Most “innovations” in contemporary technology primarily serve corporate profit through user exploitation, not genuine human flourishing. The convenience they offer is real but minor. The formation they steal is massive.
Train up a child in the way he should go: and when he is old, he will not depart from it. - Proverbs 22:6 (KJV)
The Walmart-OpenAI partnership doesn’t just affect you. It trains the next generation that independent decision-making is obsolete. Why research products when AI decides for you? Why compare prices when algorithms optimize for speed? Why develop judgment when convenience is always one tap away?
Children raised in this environment never learn to exercise discernment about purchases. They never develop the muscle of evaluating alternatives, considering trade-offs, or making decisions based on values rather than algorithmic recommendation.
The Hebrew word chanakh (חָנַךְ) translated “train up” means to dedicate, initiate, or discipline toward a specific purpose. But discipleship happens regardless of parental intention. Your children are being formed constantly. The question isn’t whether they’re being trained but by whom and toward what end.
When AI handles their shopping decisions, they’re being trained in dependence on algorithmic authority rather than developing their own wisdom. They’re learning that convenience trumps judgment, that speed matters more than discernment, that outsourcing decisions to profit-maximizing systems is normal rather than spiritually dangerous.
This formation happens silently, through repeated small surrenders. Each time ChatGPT decides what products to buy, your children learn that human judgment is obsolete. Each time TikTok’s algorithm determines what they watch, they’re trained to trust corporate curation over their own discernment.
The stakes are their capacity for wisdom itself.
Oracle buying TikTok. Walmart partnering with OpenAI. AI giants actively consuming every part of your online habits with minimal regulation.
Guardrails? Gone. Privacy protections? Obliterated. User agency? Systematically eliminated in exchange for minimal convenience.
You need to see what’s actually happening. This isn’t about Chinese ownership versus American ownership. It’s about whether you’ll surrender your God-given capacity for wisdom, discernment, and independent judgment to systems designed to exploit you for profit.
Proverbs offers clear guidance: “The simple believeth every word: but the prudent man looketh well to his going.” (Proverbs 14:15, KJV)
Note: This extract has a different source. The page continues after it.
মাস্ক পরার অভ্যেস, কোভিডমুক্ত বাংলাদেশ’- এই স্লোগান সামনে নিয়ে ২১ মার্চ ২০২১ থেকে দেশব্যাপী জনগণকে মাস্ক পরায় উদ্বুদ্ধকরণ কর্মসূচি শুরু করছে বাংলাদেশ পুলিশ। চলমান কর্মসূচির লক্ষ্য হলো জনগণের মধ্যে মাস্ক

The simple person accepts every innovation without evaluation. The prudent person examines where these paths actually lead.
Walmart-OpenAI leads to purchasing dependence on algorithmic authority.
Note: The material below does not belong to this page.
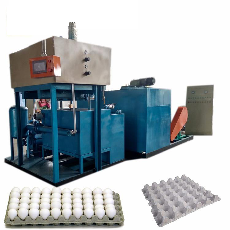 废纸加入碎浆机加水输送到储浆池,用搅拌机把储浆池的纸浆搅拌均匀输送到供浆池,搅拌供浆池的纸浆到一定浓度输送至成型机,成型机生产出蛋托到传送带,传送带经过烘干洞,把蛋托烘干,收托并打包**可以了。另外通过真空泵可以把成型机里面不用的水抽到回水池,回水池可以输水到碎浆机和储浆池,达到水可以循环使用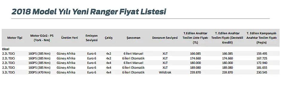 Yeni Ford Transit Custom 2018 Model Fiyat Listesi

Oracle-TikTok leads to continued surveillance with different profiteers.
Both lead away from the human flourishing God designed you for.
Be aware, friends. Your soul is worth more than the convenience they’re offering.
1. Personal Application: Which AI “conveniences” have you already accepted that actually surrender your decision-making capacity? What would it cost to reclaim that agency? What would you gain spiritually by exercising judgment rather than algorithmic dependence?
2. Community Discussion: How might your church community support one another in resisting exploitative innovation? What alternatives exist that genuinely serve human flourishing rather than corporate profit?
3. Spiritual Formation: When do you accept exploitation because everyone else does? How does participation in these systems affect your capacity for biblical discernment and your children’s formation in wisdom?